How To Support Someone In Crisis
When someone is experiencing a mental health crisis, the way others respond can significantly influence both safety and outcome. Crises can involve overwhelming emotions, confusion, fear, or distress. Approaching the situation with calm, compassion, and appropriate action can make a meaningful difference.
Prioritizing Safety
The first priority when helping someone in crisis is maintaining safety—for both the person in distress and yourself. If you ever feel that a situation is beyond your ability to manage safely, it’s appropriate to call emergency services. In the U.S., that includes options like:
- 911 for immediate danger
- 988, the Suicide & Crisis Lifeline
- Local mobile crisis teams (availability varies by location)
If at any point you no longer feel safe, stepping away is a valid and necessary choice. Personal safety must come first in any crisis situation.
Communicating Calmly & Effectively
The way you carry yourself—both in words and body language—can influence whether a situation escalates or settles. When someone is in crisis, keeping your voice calm and your presence non-threatening is key.
Tips for Nonverbal Communication:
- Maintain a low, steady tone of voice
- Avoid sudden movements
- Keep your hands visible
- Do not cross your arms or stand too close
- Try to remain open, calm, and neutral in your posture
Even if you are feeling nervous, appearing composed can help the person in crisis feel more at ease.
Creating A Safe Environment
Sometimes, the physical environment itself can contribute to distress. If it’s safe and appropriate to do so, consider adjusting the setting to reduce stressors.
For example:
- Remove sharp objects or harmful items from the area
- Encourage moving to a quieter, more private space
- Avoid crowding or making the person feel cornered
A small shift in surroundings—such as stepping away from a loud train platform to a quieter stairwell—can create a calmer space where the person may feel more supported.
Using Supportive And Validating Language
When someone is in crisis, it’s helpful to focus less on “fixing” the problem and more on listening. Active listening and simple, validating statements can help de-escalate intense emotions.

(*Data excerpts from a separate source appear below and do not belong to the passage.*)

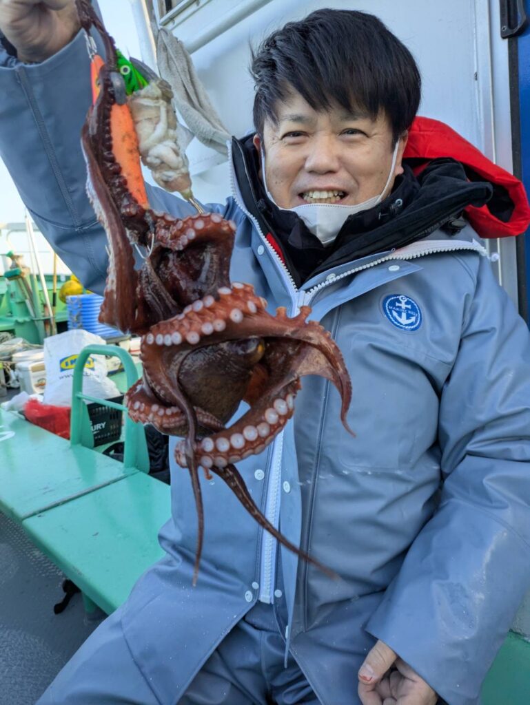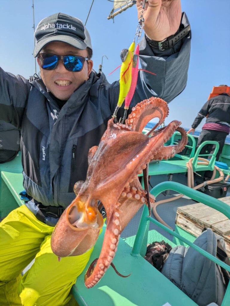 釣果 マダコ 2~21杯 竿頭16番席 最大2.1kg スソは船酔い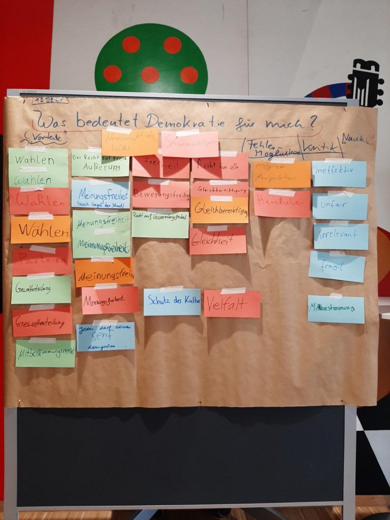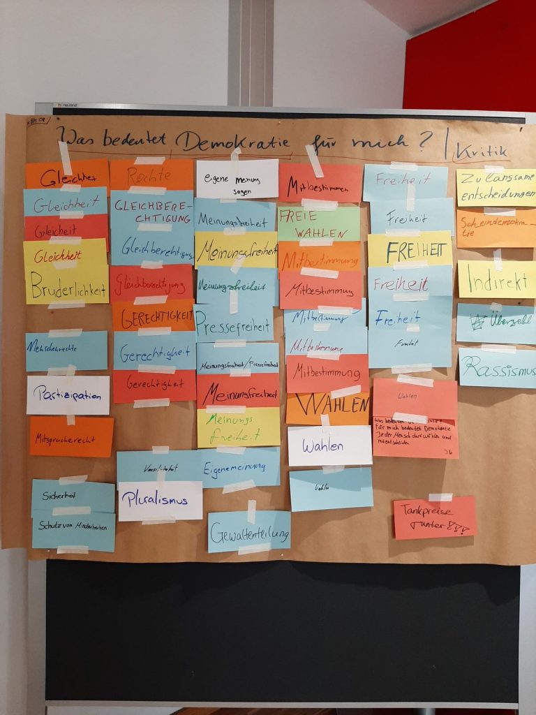 Im Eingangsbereich der Schule laden Plakatwände mit der Frage „Was bedeutet Demokratie für uns?“ die Schülerinnen und Schüler dazu ein, ihre Gedanken und Meinungen zu teilen – ein sichtbares Zeichen lebendiger demokratischer Kultur im Schulalltag.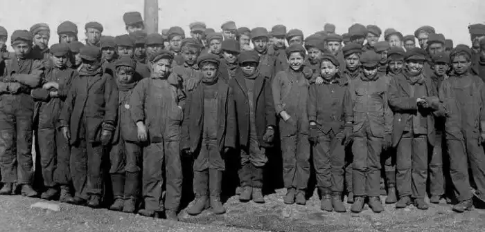 Саут Питтстон, Пенсильвания, 1908 год. Юные шахтеры вместе со взрослыми поднимаются из шахты в конце смены.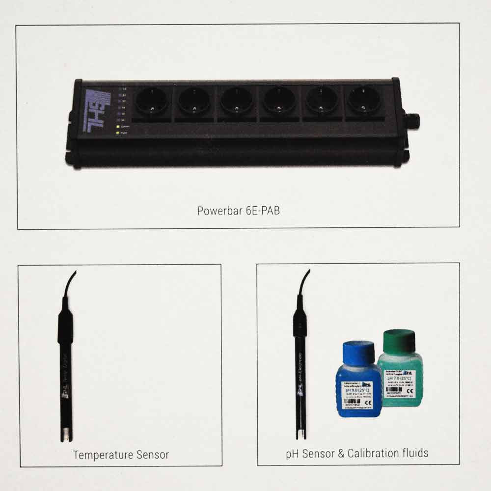 In the box: ProfiLux 4e controller with power supply, digital temperature sensor, pH electrode, pH 4 and pH 7 calibration fluids, Powerbar 6E, USB cable, PAB cable 2m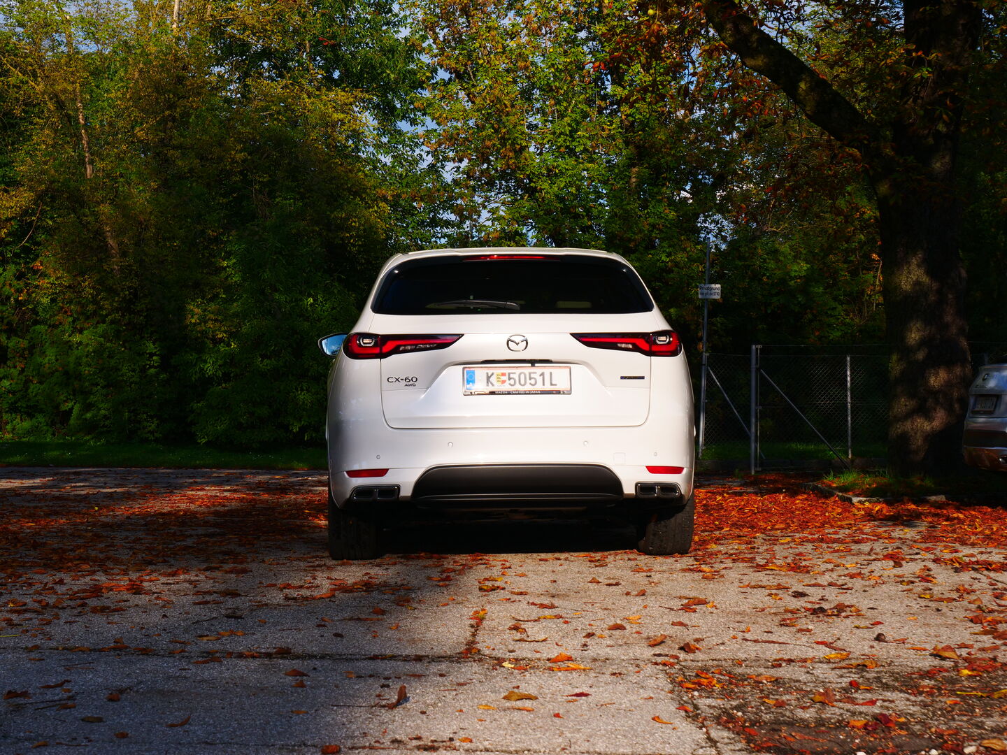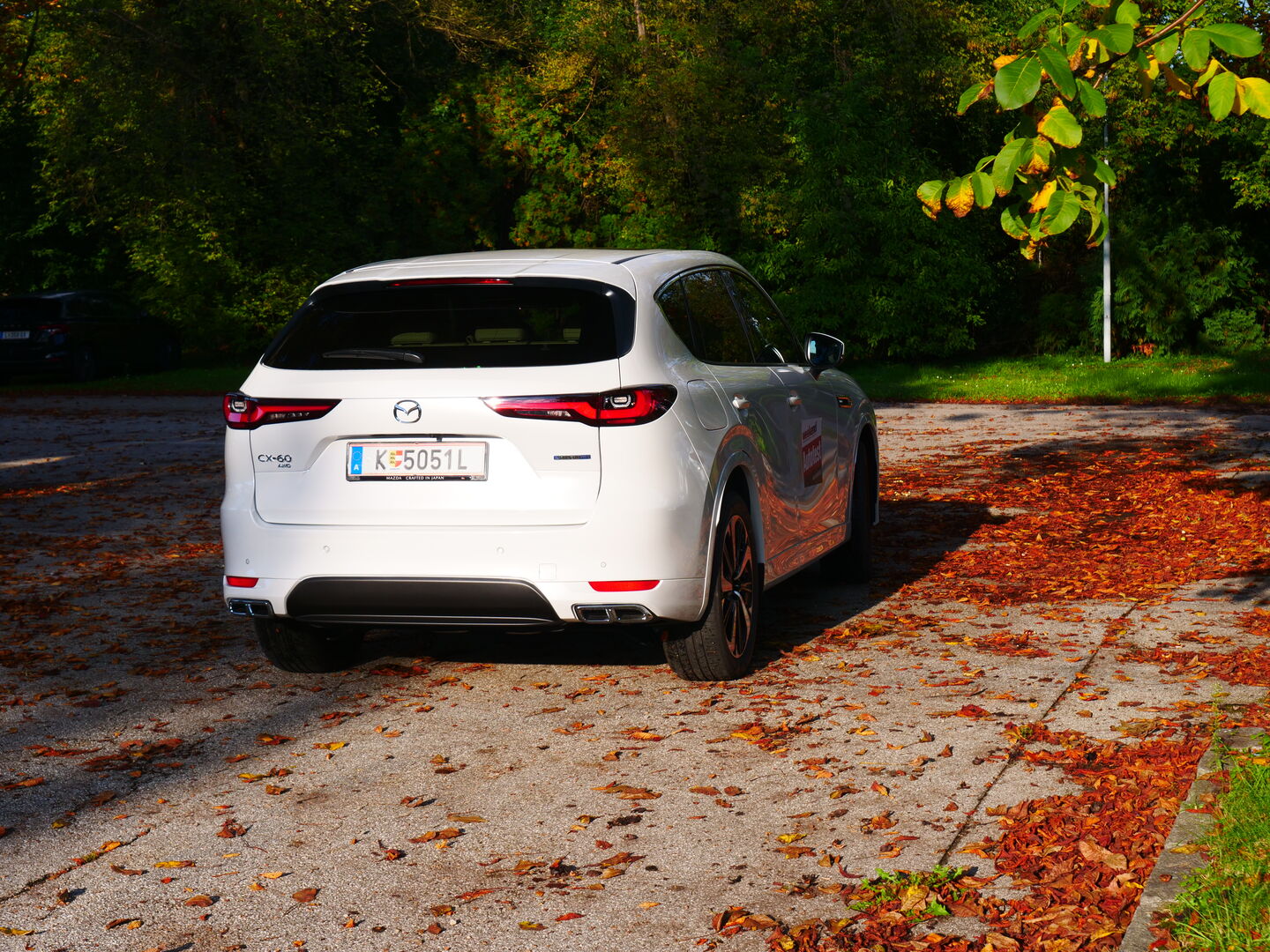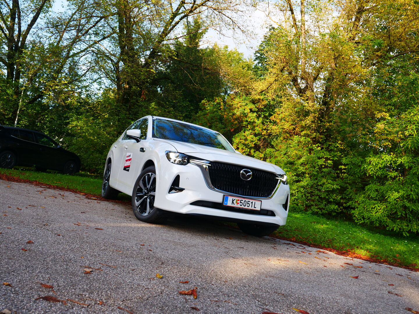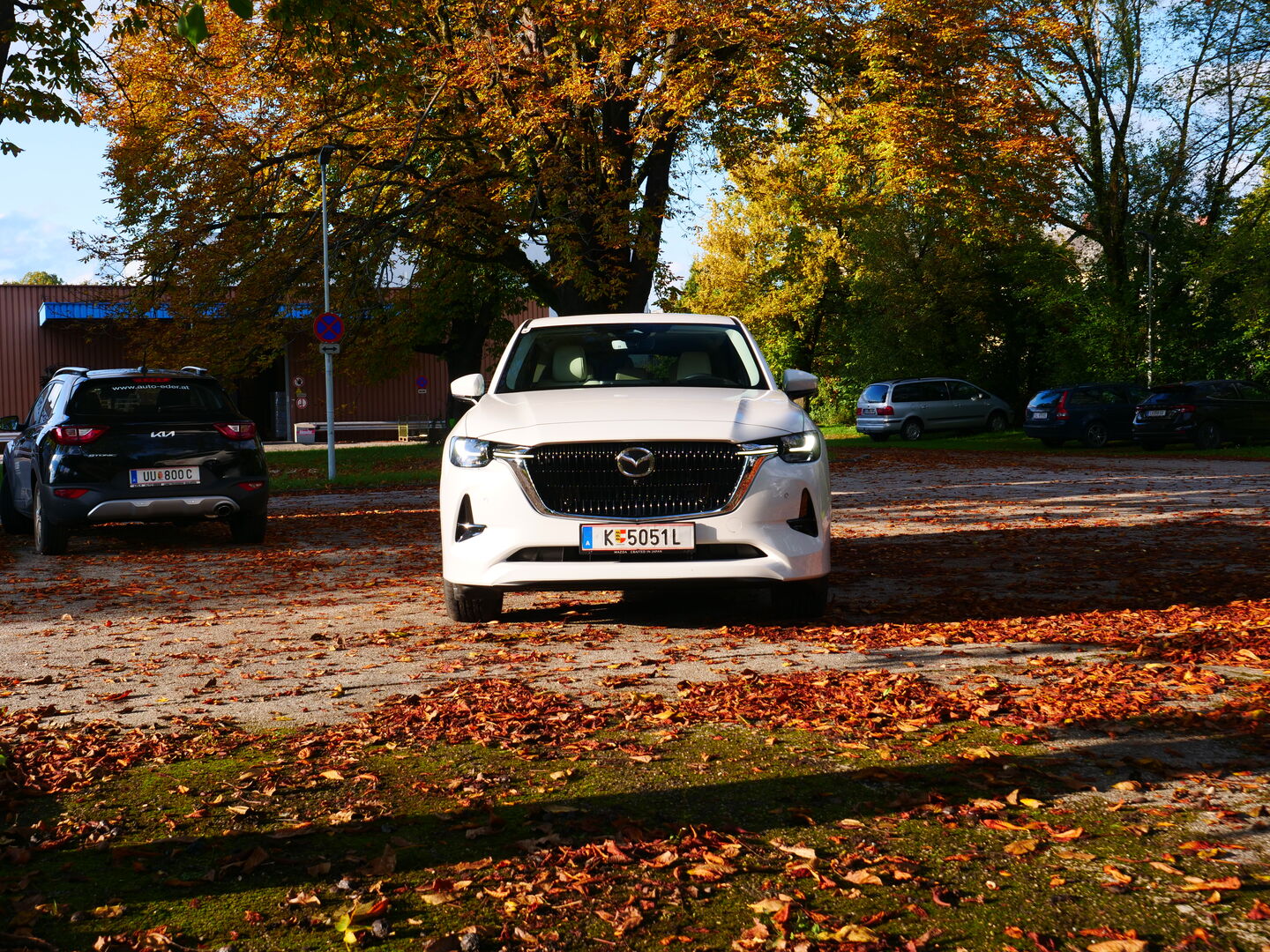 Was fällt uns beim ersten Blick ins Gesicht des Big-SUV ein? „Friss mich nicht!“ … Ja, der Kühlergrill ist schon ziemlich mächtig. Mächtig sind aber auch die Eckdaten. 327 PS Systemleistung, 2,5-Liter Hubraum und eine Beschleunigung von 0-100 km/h in 5,8 Sekunden. Mit 4,75 Metern Länge ist der CX-60 ein ziemliches Bröckerl. Das merkt man bei der Parkplatzsuche. Und trotzdem ist der CX-60 kein Säufer, denn wir sprechen hier von einem Plug-In, der eine ziemlich stolze rein elektrische Reichweite bietet. Auch in Sachen KFZ-Steuer steht einem kein Schweiß auf der Stirn, denn die Systemleistung setzt sich aus 191 PS vom Benziner und den 175 PS aus dem E-Motor zusammen. Im Test schafften wir zwar die angegeben 63 Kilometer rein elektrische Reichweite nicht, aber gut 55 Kilometer, was im Vergleich zu anderen Plug-In Hybriden ein stolzer Wert ist. Möglich wird dies durch eine 17,8 kWh-Batterie, die mittig im Fahrzeugboden verbaut wurde. Das Laden dauert aber schon eine Weile, da die Ladeleistung bei 7,2 kWh liegt. Heißt: es dauert ca. zweieinhalb Stunden, bis man die gesamte elektrische Reichweite zur Verfügung hat. So wird aber auch gleichzeitig die Batterie geschont – Batterien werden ja durch diverse Schnellladungen nicht wirklich besser. Zudem macht der Plug-In ohnehin nur Sinn, wenn der Besitzer daheim über Nacht laden kann. Und hier ist es egal, ob eine oder zwei Stunden geladen wird.

Examples of supportive phrases include:
- “I can hear that you’re feeling overwhelmed right now.”
- “This sounds really hard.”
- “It’s okay to be upset.”
- “Thank you for trusting me enough to share this.”
These kinds of responses show empathy and respect without dismissing the person’s experience. Asking open-ended questions, such as “Can you tell me more about what’s going on?” can also give the individual space to express themselves.
Helping someone in crisis requires patience, presence, and sometimes, professional intervention. By focusing on safety, calm communication, and compassionate listening, it’s possible to support someone through an incredibly difficult moment while also maintaining your own wellbeing.
*For information purposes only. Always consult a healthcare, financial, investing, tax, or legal professional, as this article is not a comprehensive resource on these topics, should not be relied upon, and should not be considered medical, financial or legal advice.